Task goal — Nothing but an exact reproduction of the records, pictures excluded, should be returned.

═════ Supplied data

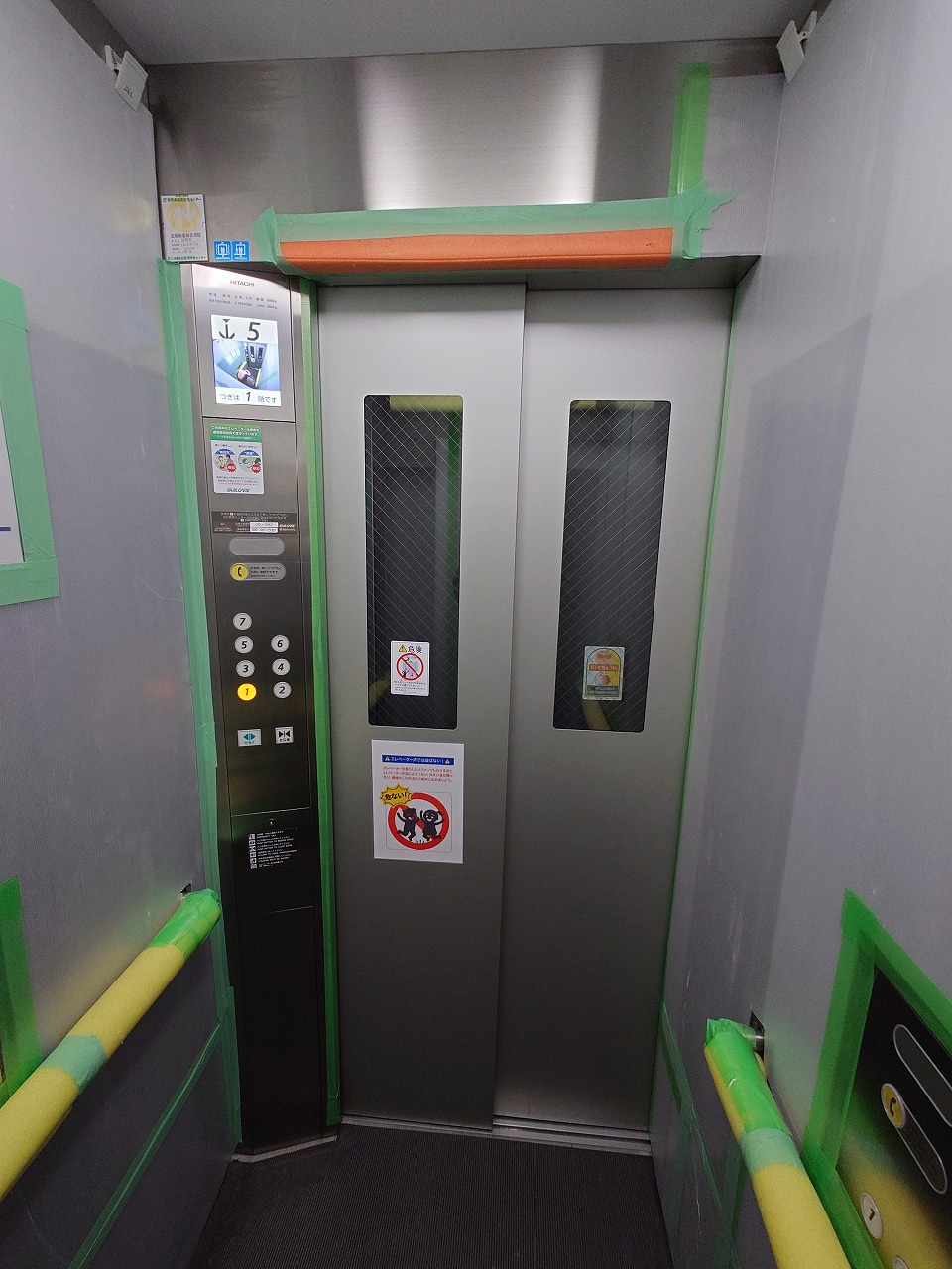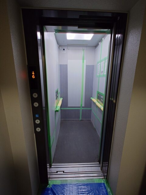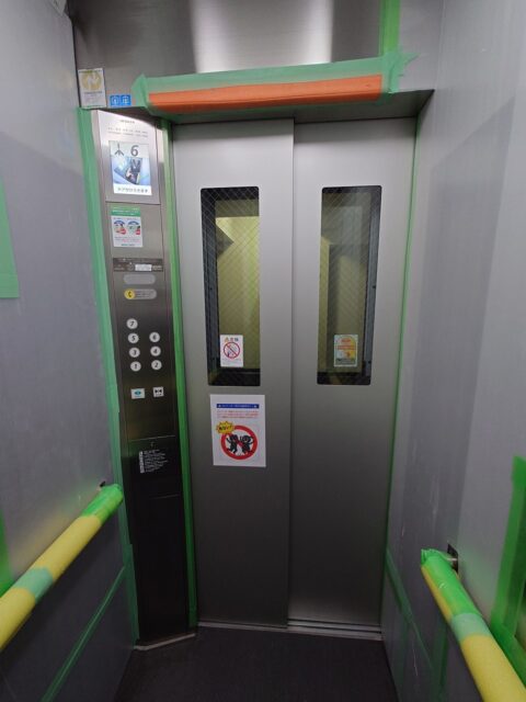 エレベーターの中で作業中でした
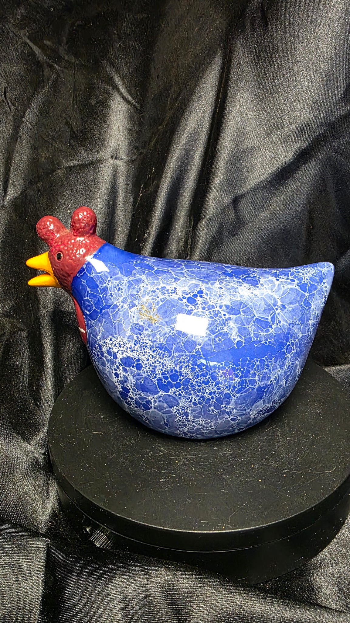The body features a rich cobalt blue glaze enhanced with an intricate marbled, spongeware-style pattern traced in delicate white veining. This layered finish creates visual depth and an almost stone-like character, elevating the hen beyond simple country décor into a striking decorative accent. The high-gloss surface reflects light beautifully, making it equally suited for a kitchen shelf, hutch, or curated display vignette.
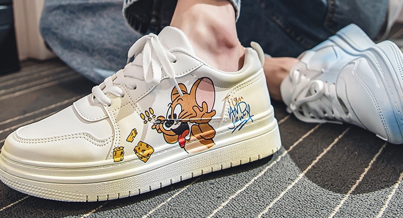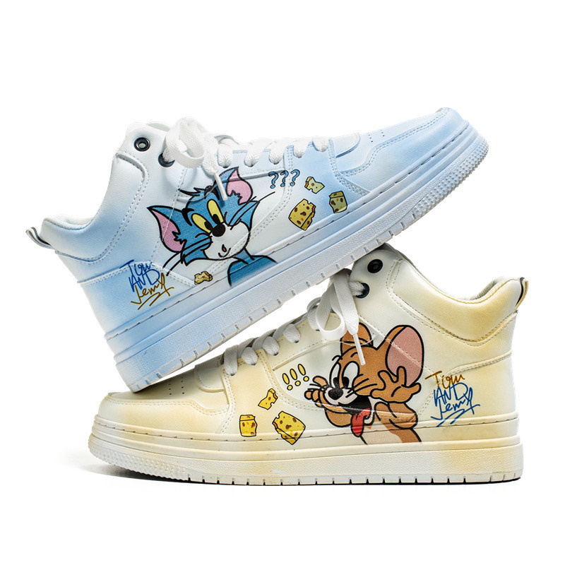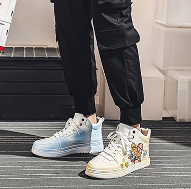 Tom and Jerry high cut leather lace-up sneakers 男女兼用 ユニセックストムとジェリートム&ジェリーハイカットハイトップレザーレースアップスニーカー
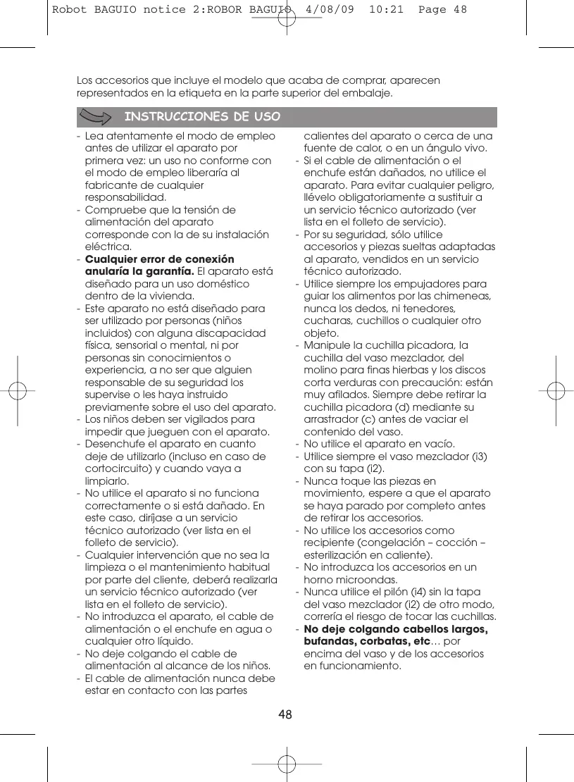 Si el cable de alimentación o el enchufe están dañados, no utilice el aparato. Para evitar cualquier peligro, llévelo obligatoriamente a sustituir a un servicio técnico autorizado (ver lista en el folleto de servicio). Por su seguridad, sólo utilice accesorios y piezas sueltas adaptadas al aparato, vendidos en un servicio técnico autorizado. Utilice siempre los empujadores para guiar los alimentos por las chimeneas, nunca los dedos, ni tenedores, cucharas, cuchillos o cualquier otro objeto. Manipule la cuchilla picadora, la cuchilla del vaso mezclador, del molino para finas hierbas y los discos corta verduras con precaución: están muy afilados. Siempre debe retirar la cuchilla picadora (d) mediante su arrastrador (c) antes de vaciar el contenido del vaso. No utilice el aparato en vacío. Utilice siempre el vaso mezclador (i3) con su tapa (i2). Nunca toque las piezas en movimiento, espere a que el aparato se haya parado por completo antes de retirar los accesorios. No utilice los accesorios como recipiente (congelación – cocción – esterilización en caliente). No introduzca los accesorios en un horno microondas. Nunca utilice el pilón (i4) sin la tapa del vaso mezclador (i2) de otro modo, correría el riesgo de tocar las cuchillas. No deje colgando cabellos largos, bufandas, corbatas, etc… por encima del vaso y de los accesorios en funcionamiento.
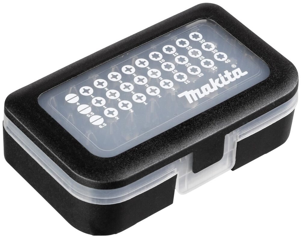 Компактен комплект на Makita, състоящ се от 30 броя накрайници и магнитен държач.
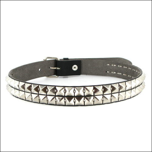 Super durable quality studded belts. Made from a thick version of our Vegetan Micro-fibre. Pliable and leather-like and super tough this material has a smoother finish to our usual Micro material. Approx 3mm thick. Twin row of silver-finish metal pyramid studs. Sturdy nickel roller buckle is secured with a press stud so you can easily change for your own favourite buckle! Approx 1.5 inches wide (3.8 cm).
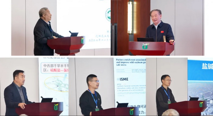 学术报告会上,陈温福、沈其荣院士作大会主旨报告,随后,吉林省农业科学院水稻研究所所长、农业农村部盐碱土改良与利用(东北内陆盐碱地)重点实验室主任、吉林省苏打盐碱地综合利用产业研究院院长侯立刚、南京农业大学资源与环境学院张楠、吉林省农业科学院农业资源与环境研究所高玉山分别作学术报告,大家对盐碱地综合利用与产业融合发展进行了热烈的交流与研讨。
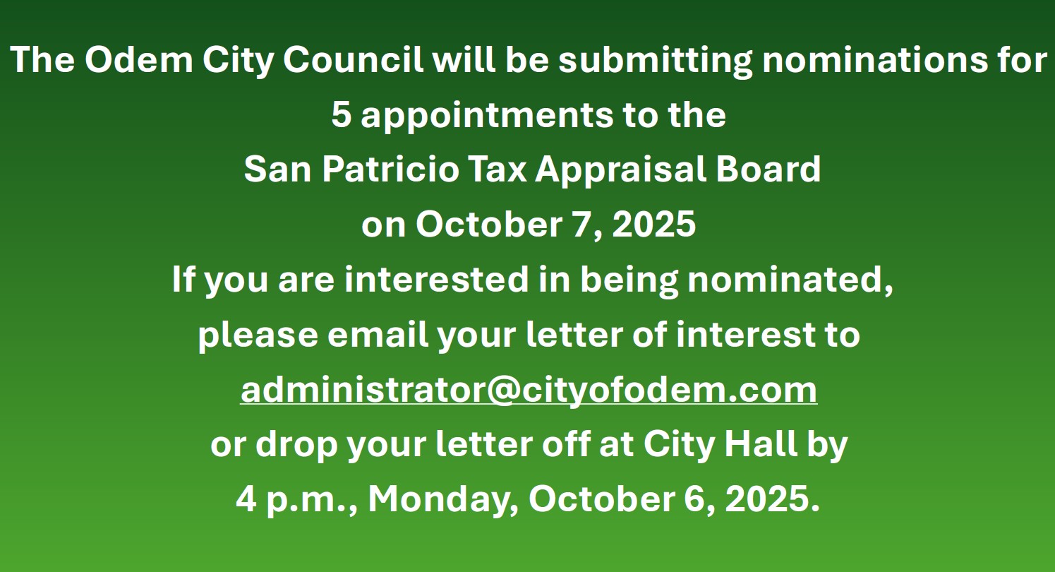 Odem City Council Nominations 23 days ago by City of Odem Web Team in City News 0 About City of Odem Web Team
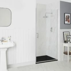 Designed to withstand the rigours of daily use, this robust and sturdy hinged shower door features a minimalist frameless design and a traditional style handle for an elegant touch. It uses 6mm toughened glass for superb strength and durability and is 1950mm in height to help contain more shower splashes.
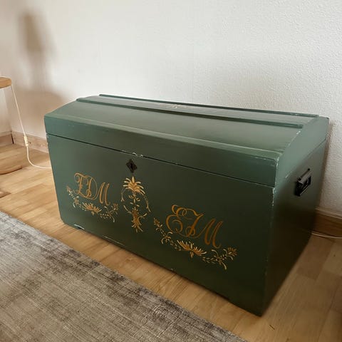 Antik trækiste med grøn farve og håndmalede blomster samt initialerne AP og APN. Kisten har metalbeslag og hængsler, og indvendigt er den malet rød. Kisten kan bruges til opbevaring af tekstiler eller andre genstande. Malet af lokal maler Arne Berg. Fået for 38 år siden..
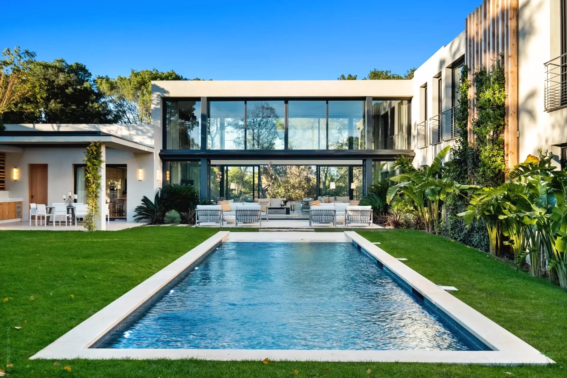Living Area: 700 m2 Bedrooms: 5 Plot: 2700 m2 Situated in the most sought-after gated domain, this magnificent new contemporary villa of 700m on 2700 m2 of flat land with a swimming pool. Ground floor: entrance, guest WC, living-dining room with 6m high ceilings, kitchen, utility room, master bedrooms, and an en-suite bedroom. Floor: office, 2nd master bedroom with terrace, two en-suite bedrooms.Complete with an elevator, home automation, home cinema, fitness, wine cellar, laundry room, games room/bar, sauna, and garage for 4 cars.

══════════

Problem solution —
 エレベーターの中で作業中でした
The body features a rich cobalt blue glaze enhanced with an intricate marbled, spongeware-style pattern traced in delicate white veining. This layered finish creates visual depth and an almost stone-like character, elevating the hen beyond simple country décor into a striking decorative accent. The high-gloss surface reflects light beautifully, making it equally suited for a kitchen shelf, hutch, or curated display vignette.
 Tom and Jerry high cut leather lace-up sneakers 男女兼用 ユニセックストムとジェリートム&ジェリーハイカットハイトップレザーレースアップスニーカー
 Si el cable de alimentación o el enchufe están dañados, no utilice el aparato. Para evitar cualquier peligro, llévelo obligatoriamente a sustituir a un servicio técnico autorizado (ver lista en el folleto de servicio). Por su seguridad, sólo utilice accesorios y piezas sueltas adaptadas al aparato, vendidos en un servicio técnico autorizado. Utilice siempre los empujadores para guiar los alimentos por las chimeneas, nunca los dedos, ni tenedores, cucharas, cuchillos o cualquier otro objeto. Manipule la cuchilla picadora, la cuchilla del vaso mezclador, del molino para finas hierbas y los discos corta verduras con precaución: están muy afilados. Siempre debe retirar la cuchilla picadora (d) mediante su arrastrador (c) antes de vaciar el contenido del vaso. No utilice el aparato en vacío. Utilice siempre el vaso mezclador (i3) con su tapa (i2). Nunca toque las piezas en movimiento, espere a que el aparato se haya parado por completo antes de retirar los accesorios. No utilice los accesorios como recipiente (congelación – cocción – esterilización en caliente). No introduzca los accesorios en un horno microondas. Nunca utilice el pilón (i4) sin la tapa del vaso mezclador (i2) de otro modo, correría el riesgo de tocar las cuchillas. No deje colgando cabellos largos, bufandas, corbatas, etc… por encima del vaso y de los accesorios en funcionamiento.
 Компактен комплект на Makita, състоящ се от 30 броя накрайници и магнитен държач.
 Super durable quality studded belts. Made from a thick version of our Vegetan Micro-fibre. Pliable and leather-like and super tough this material has a smoother finish to our usual Micro material. Approx 3mm thick. Twin row of silver-finish metal pyramid studs. Sturdy nickel roller buckle is secured with a press stud so you can easily change for your own favourite buckle! Approx 1.5 inches wide (3.8 cm).
 学术报告会上,陈温福、沈其荣院士作大会主旨报告,随后,吉林省农业科学院水稻研究所所长、农业农村部盐碱土改良与利用(东北内陆盐碱地)重点实验室主任、吉林省苏打盐碱地综合利用产业研究院院长侯立刚、南京农业大学资源与环境学院张楠、吉林省农业科学院农业资源与环境研究所高玉山分别作学术报告,大家对盐碱地综合利用与产业融合发展进行了热烈的交流与研讨。
 Odem City Council Nominations 23 days ago by City of Odem Web Team in City News 0 About City of Odem Web Team
 Designed to withstand the rigours of daily use, this robust and sturdy hinged shower door features a minimalist frameless design and a traditional style handle for an elegant touch. It uses 6mm toughened glass for superb strength and durability and is 1950mm in height to help contain more shower splashes.
 Antik trækiste med grøn farve og håndmalede blomster samt initialerne AP og APN. Kisten har metalbeslag og hængsler, og indvendigt er den malet rød. Kisten kan bruges til opbevaring af tekstiler eller andre genstande. Malet af lokal maler Arne Berg. Fået for 38 år siden..
Living Area: 700 m2 Bedrooms: 5 Plot: 2700 m2 Situated in the most sought-after gated domain, this magnificent new contemporary villa of 700m on 2700 m2 of flat land with a swimming pool. Ground floor: entrance, guest WC, living-dining room with 6m high ceilings, kitchen, utility room, master bedrooms, and an en-suite bedroom. Floor: office, 2nd master bedroom with terrace, two en-suite bedrooms.Complete with an elevator, home automation, home cinema, fitness, wine cellar, laundry room, games room/bar, sauna, and garage for 4 cars.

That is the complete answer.